At the Y. W. C. A. opinions varied about her. She was patently to every eye respectable to her last drop of pale blood. And yet _was_ it quite respectable to go offering chocolate and writing-paper to soldiers you'd never seen before? Everybody knew what soldiers were! Some one finally decided smartly that her hat was a sufficient protection. It is true that her hat was not becoming, but I do not think it was what saved her from misunderstanding.

She did not always go to the Gare de l'Est every evening now. Sometimes she spent them in the little dormer-windowed room where the wife of the New York poilu waited for her baby.

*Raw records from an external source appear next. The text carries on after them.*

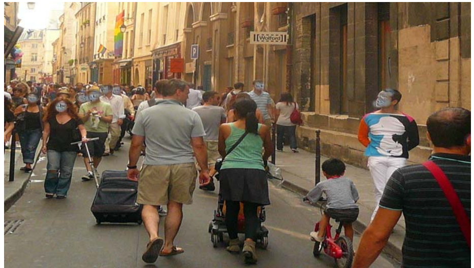
Rue Vieille du Temple (IVe), un dimanche

La vie dans le Marais est-elle toujours possible pour la communauté des gens ordinaires ?
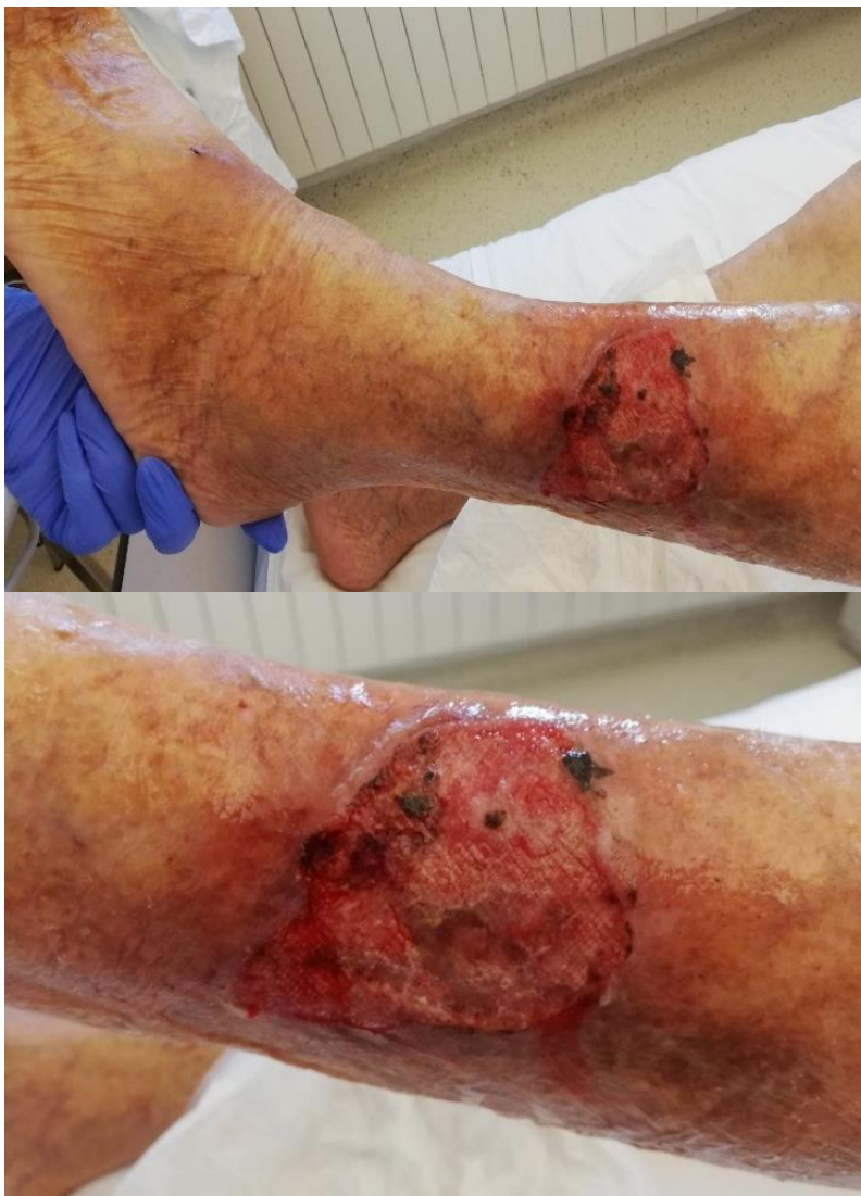
Slika 3.3.2. Venski ulcus

Venski ulcus najčešće nastaje na unutarnjoj strani distalne trećine potkoljenice, mjestu pritiska ili ranije traume, području pete i plantarnoj strani stopala [8]. Bolest započinje pojavom bule iz koje se javlja gnojna sekrecija. Na taj način nastaje kronična rana koja se s vremenom počinje širiti po površini kože. Cijeljenje rane je dugotrajan i intenzivan proces, a najvažnija metoda liječenja venskog ulcusa je primjena adekvatne kompresivne terapije [4, 15].
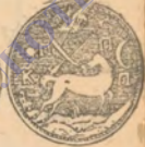
Печатки Самарської та Кодацької паланок.

Помічені найважливіші друкарські помилки.
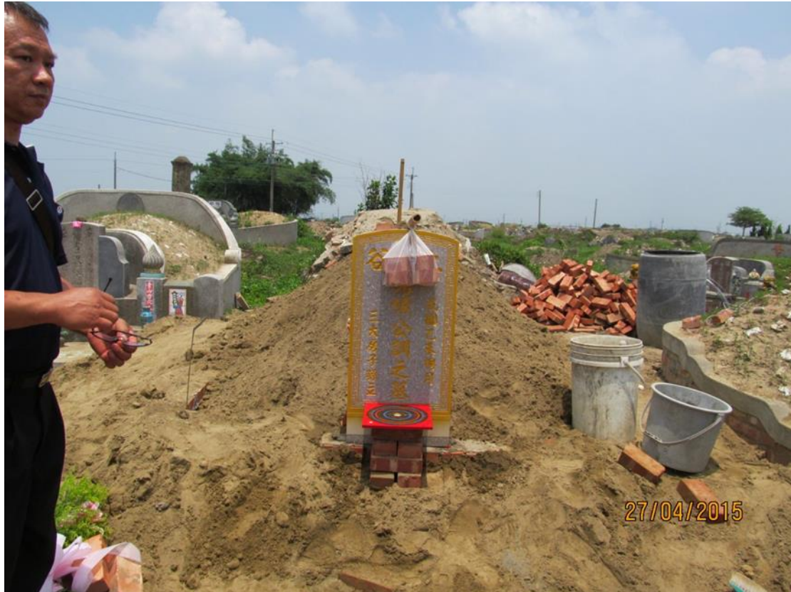
圖 5-3-5 吉時下葬覆土後立碑
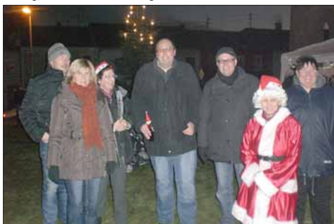
Eröffnung des Weihnachtsmarktes

Freitag, 25.01.2013 und Freitag 01.02.2013

Several evenings she spent chasing elusive information from the American Ambulance Corps as to exactly the conditions in which a young man without money could come to drive an ambulance in France ... the young man without money being of course the reporter on the Marshallton _Herald_.

It chanced to be on one of the evenings when she was with the young wife that the need came. She sat on the stairs outside till nearly morning.

When it was quiet, she took the little new citizen of the Republic in her arms, tears of mingled thanksgiving and dreadful fear raining down her face, because another man-child had been born into the world. Would _he_ grow up only to say farewell at the Gare de l'Est? Oh, she was not sorry that she had come to France to help in that war. She understood now, she understood.

It was Ellen who wrote to the father the letter announcing the birth of a child which gave him the right to another precious short furlough. It was Ellen who went down to the Gare de l'Est, this time to the joyful wait on the muddy street outside the side door from which the returning _permissionnaires_ issued forth, caked with mud to their eyes. It was Ellen who had never before "been kissed by a man" who was caught in a pair of dingy, horizon-blue arms and soundly saluted on each sallow cheek by the exultant father. It was Ellen who was made as much of a G.o.dmother as her Protestant affiliations permitted ... and oh, it was Ellen who made the fourth at the end of the furlough when (the first time the new mother had left her room) they went back to the Gare de l'Est. At the last it was Ellen who held the sleeping baby when the husband took his wife in that long, bitter embrace; it was Ellen who was not surprised or hurt that he turned away without a word to her ... she understood that ... it was Ellen whose arm was around the trembling young wife as they stood, their faces pressed against the barrier to see him for the last time; it was Ellen who went back with her to the silent desolation of the little room, who put the baby into the slackly hanging arms, and watched, her eyes burning with unshed tears, those arms close about the little new inheritor of humanity's woes....

Four months from the time she landed in Paris her money was almost gone and she was quitting the city with barely enough in her pocket to take her back to Marshallton. As simply as she had come to Paris, she now went home. She _belonged_ to Marshallton. It was a very good thing for Marshallton that she did.

She gave fifty dollars to the mother of baby Jacques (that was why she had so very little left) and she promised to send her ten dollars every month as soon as she herself should be again a wage-earner. Mrs. Putnam and her niece, inconsolable at her loss, went down to the Gare du Quai d'Orsay to see her off, looking more in keeping with the elegant travelers starting for the Midi, than Ellen did. Her place, after all, had been at the Gare de l'Est. As they shook hands warmly with her, they gave her a beautiful bouquet, the evident cost of which stabbed her to the heart. What she could have done with that money!

"You have simply transformed the _vestiaire_, Miss Boardman," said Mrs.